Please set down only the lines from the one containing "как выглядит Rimless" through the end of the entries below, exactly, minus any pictures.
#### Material for this task ####
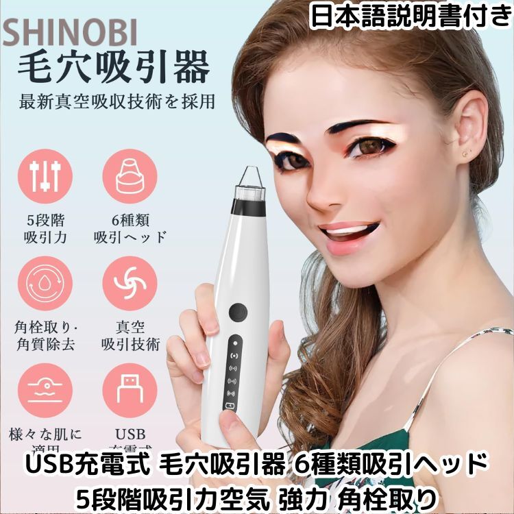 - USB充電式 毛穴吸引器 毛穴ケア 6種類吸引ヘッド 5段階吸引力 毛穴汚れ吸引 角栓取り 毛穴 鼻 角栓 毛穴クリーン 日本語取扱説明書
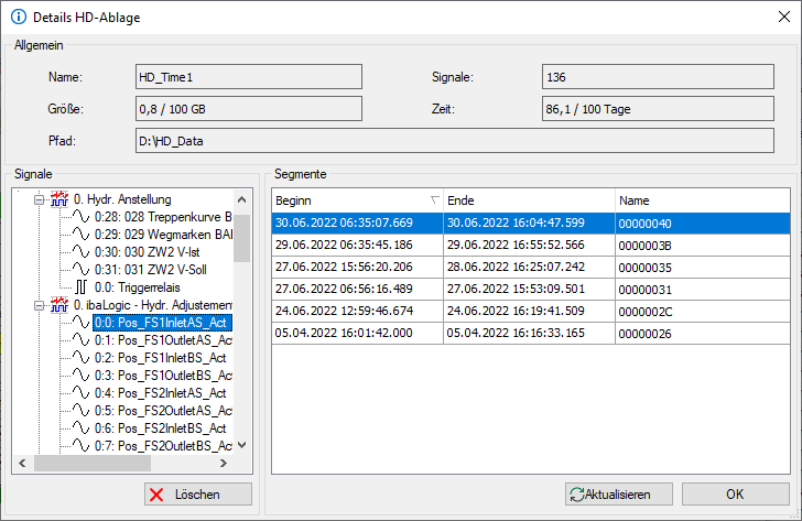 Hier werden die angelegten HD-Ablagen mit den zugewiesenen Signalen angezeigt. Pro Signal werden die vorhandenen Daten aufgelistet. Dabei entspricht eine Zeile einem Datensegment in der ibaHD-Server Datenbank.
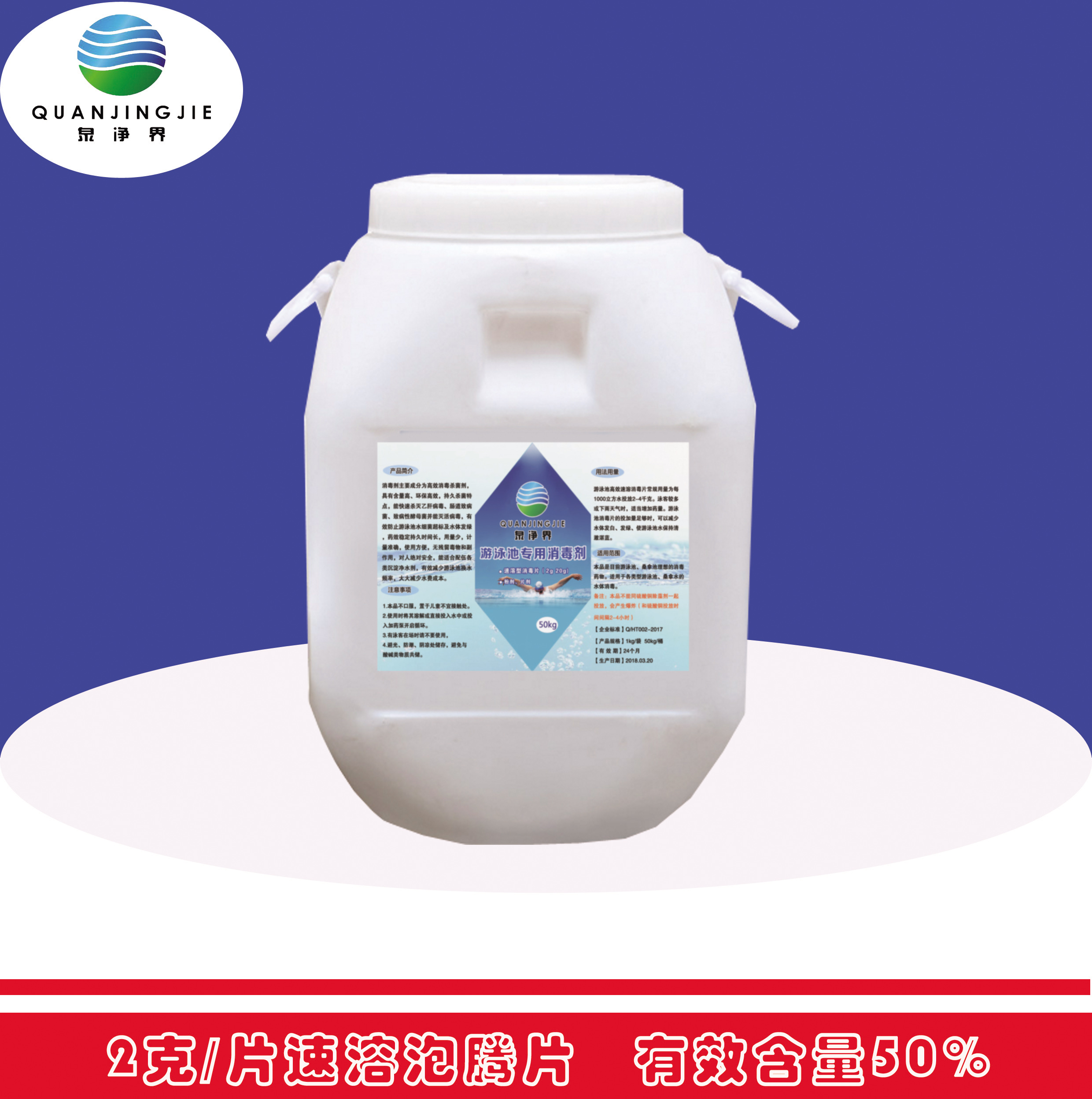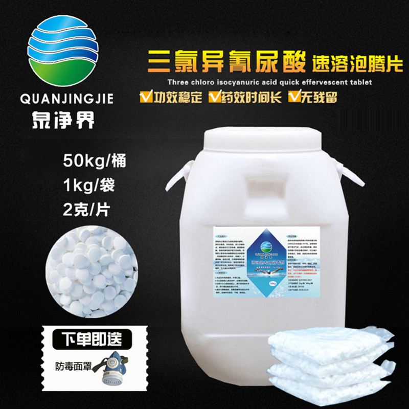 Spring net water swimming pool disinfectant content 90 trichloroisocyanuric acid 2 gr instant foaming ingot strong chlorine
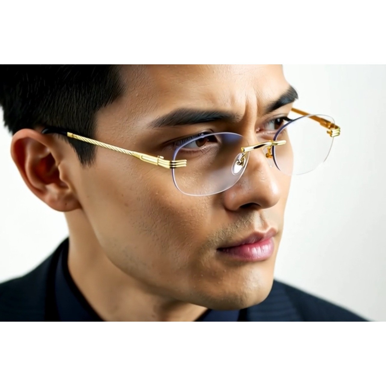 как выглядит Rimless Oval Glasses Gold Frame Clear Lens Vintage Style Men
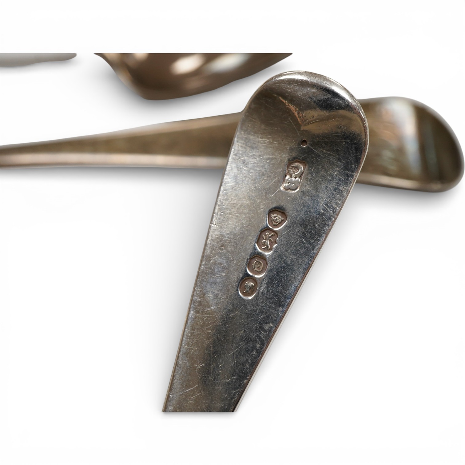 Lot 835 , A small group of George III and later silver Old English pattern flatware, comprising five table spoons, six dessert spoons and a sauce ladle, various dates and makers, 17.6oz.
####
▸ **Task answer**:
 как выглядит Rimless Oval Glasses Gold Frame Clear Lens Vintage Style Men
 Lot 835 , A small group of George III and later silver Old English pattern flatware, comprising five table spoons, six dessert spoons and a sauce ladle, various dates and makers, 17.6oz.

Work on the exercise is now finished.